The government of Madagascar has signed up to an Africa-focused financing facility to help grow its domestic renewable energy capacity by removing some insurance and funding pitfalls of the past.
It signed a memorandum of understanding with the African Trade Insurance Agency (ATI) to allow Independent Power Producers (IPPs) operating locally to access the Regional Liquidity Support Facility (RLSF), which provides insurance protection to small and mid-sized renewable energy projects in Sub-Saharan Africa, although large-scale plants of up to 50MW and possibly 100MW are eligible under exceptional circumstances. The focus is on smaller projects in Africa because they are easier to set up than mega projects in this region.
The RLSF, a joint initiative of ATI and German development bank KfW, will reduce the cost of project financing, while also protecting developers from delayed payments by state-run utility JIRAMA, which is a common requirement from lenders. The support facility has an initial US$63.2 million in funding from the German Federal Ministry for Economic Cooperation and Development (BMZ). Madagascar is the sixth country to sign on, following Benin, Burundi, Malawi, Uganda and Zambia.
Malagasy authorities want to double power production by 2030 and increase the electrification rate from the current 15% to 50%, but also wants most of this extra electricity to come from renewables, including hydro, solar, wind and biomass.
The key impact of the RLSF will be helping clean energy projects access funding and reach financial close by providing guarantees that were not available in the past and led to many projects failing. The guarantee from RLSF and the Letter of Credit issuing bank, ABSA Bank, will be for an amount equivalent of three to six months’ worth of the IPP’s revenue generated from the power plant.

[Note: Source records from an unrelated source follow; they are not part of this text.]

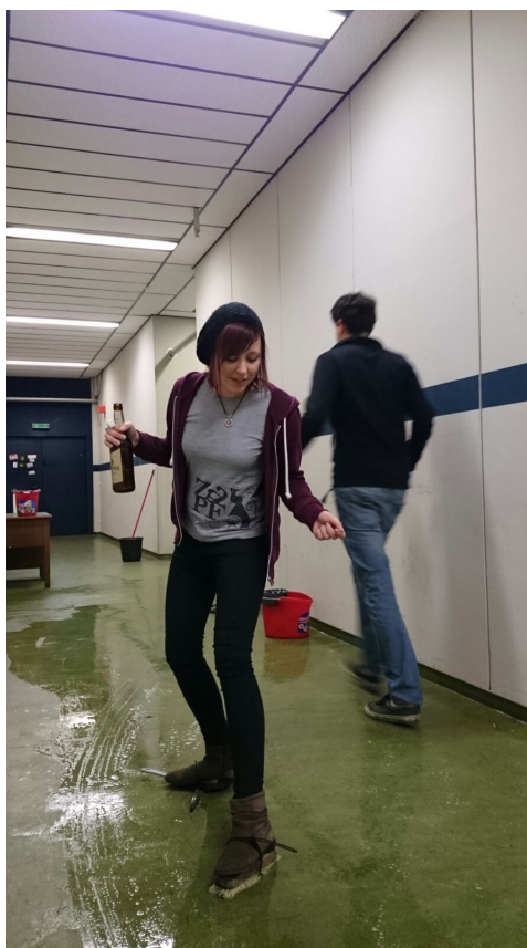
Abbildung 1: Der SCHRUBBSCHUH v880p im Einsatz

Die Semester-Auftaktparty sprengte wieder alles vorher Dagewesene. Sehr viele verloren geglaubte Seelen kamen zurück und tranken voller Lebenslust 90 Bierkästen, Berge Shots leer und unglaubliche Mengen an Cocktails. Aus den Trümmern der Party ist eine episches Konstrukt aus Holz, Borsten und Kabelbindern emporgestiegen. Der SCHRUBBSCHUH v880p (siehe Abbildung 1) der ultimative Gerät zum Bodenpolieren.
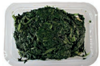
GAV400 ERBETTE GR 400
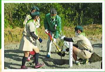
多様な主体による森林づくりの推進

Vonjy Andriamanga, Minister of Water, Energy and Petroleum, Madagascar, said: “Specifically, the government plans to increase access rates and to fully exploit its renewable energy potential by targeting hydro, solar, wind and biomass resources. For instance, the northern and southern regions of the country have a potential renewable energy capacity of about 7,800MW for electricity production of which only 2% of it is currently utilized. RLSF is an important tool in supporting the development of energy projects that will help the government achieve its strategic objectives in line with the Energy Performance Contract. Under this Contract, the government aims to increase the national electrification rate to 50% by 2030 largely thanks to renewable energy sources.”

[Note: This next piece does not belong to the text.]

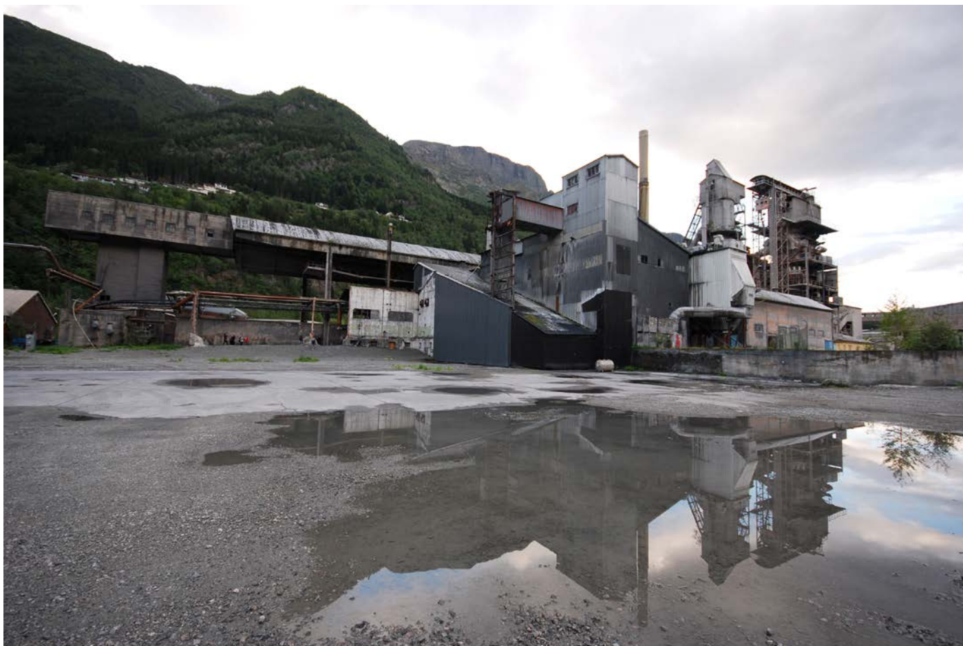
Odda smelteverk.

Gjennom selve prosjektarbeidet generes ulike typer kompetanse knyttet til prosess og prosjektledelse, særlig i forhold til det å legge til rette for dialog og samhandling på tvers av fag- og sektorgrenser. Viktig i den sammenheng er samarbeid og dialog med eksterne kunnskapsmiljøer om arbeidet.

While renewables activity has been slow to pick up in Madagascar, the World Bank’s Scaling Solar programme is overseeing a 25MW solar tender in Madagascar, which is the first tender from the programme to include energy storage. It’s first 20MW solar plant (pictured below) was installed last June by France-based developer, Green Yellow, in the Vakinankaratra Region.

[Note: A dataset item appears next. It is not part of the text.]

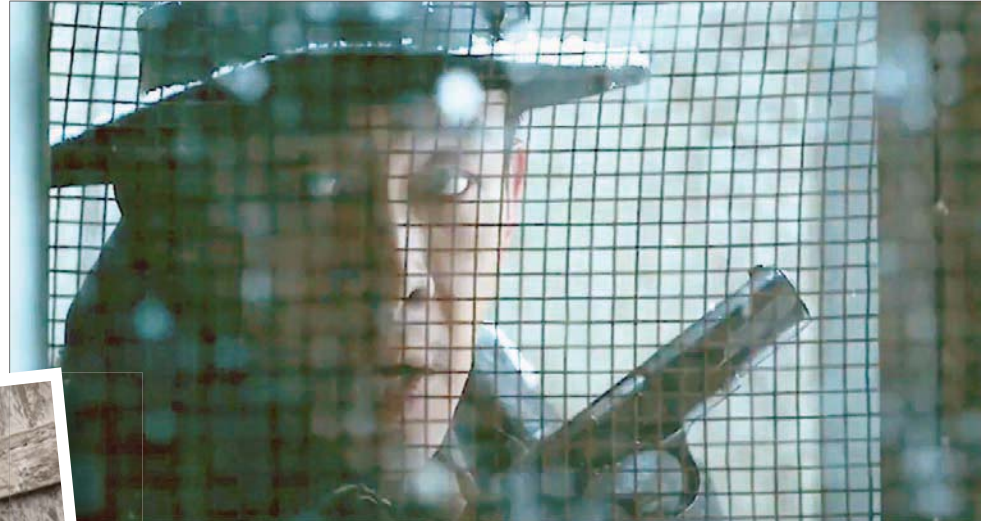
مشهد من الفيلم الصيني «مُغلق»

وحالياً ما زالت القيادة في الصين بيد أفلامها المحلية: «مُغلق» (جديد) المخرج زانغ ييمو يقول هناك: فيلم مغامرات وتشويق يحمل بعض السياسة: أربع من موظفي الحزب الشيوعي في اللاتينيات يجدون أنفسهم وسط مخاطر طريق بسبب خيانة أحدهم. في الجوار أفلام أكثر رسمية حول فساد شهدته البلاد عندما استطاعت إحدى المؤسسات شراء عقارات غير مخصصة للبيع. و«إمبراطورية المال» لهو كون حول فساد آخر ولو على صعيد خاص. الأفلام غير الصينية الوحيدة في هذا المربع هي «غضب رجل» (أميركي) و«غورزلا ضد كونغ» (يتراجع لمركز متأخر بعدما جمع من الصين 191 مليون دولار) وفيلم رسوم ياباني بعنوان «التحري كونان: الرصاصة القرمزية».

Herald Gehrig, German Ambassador to Madagascar, said: “The technical cooperation [between GIZ and KfW] focuses on the improvement of framework conditions for investments in renewable energy so as to attract investors while the financial cooperation complements the private sector capital with grant funding. This hedging of investment risks through RLSF, thanks to our partnership with ATI, offers a valuable solution for Malagasy IPPs. Further, through the PERER Project (Promotion of Rural Electrification through Renewable Energy), GIZ will support the Ministry of Finance with a financing contract of €3.9 million to supplement the funds raised. This is an additional solution to help mitigate risks of renewable energy projects.”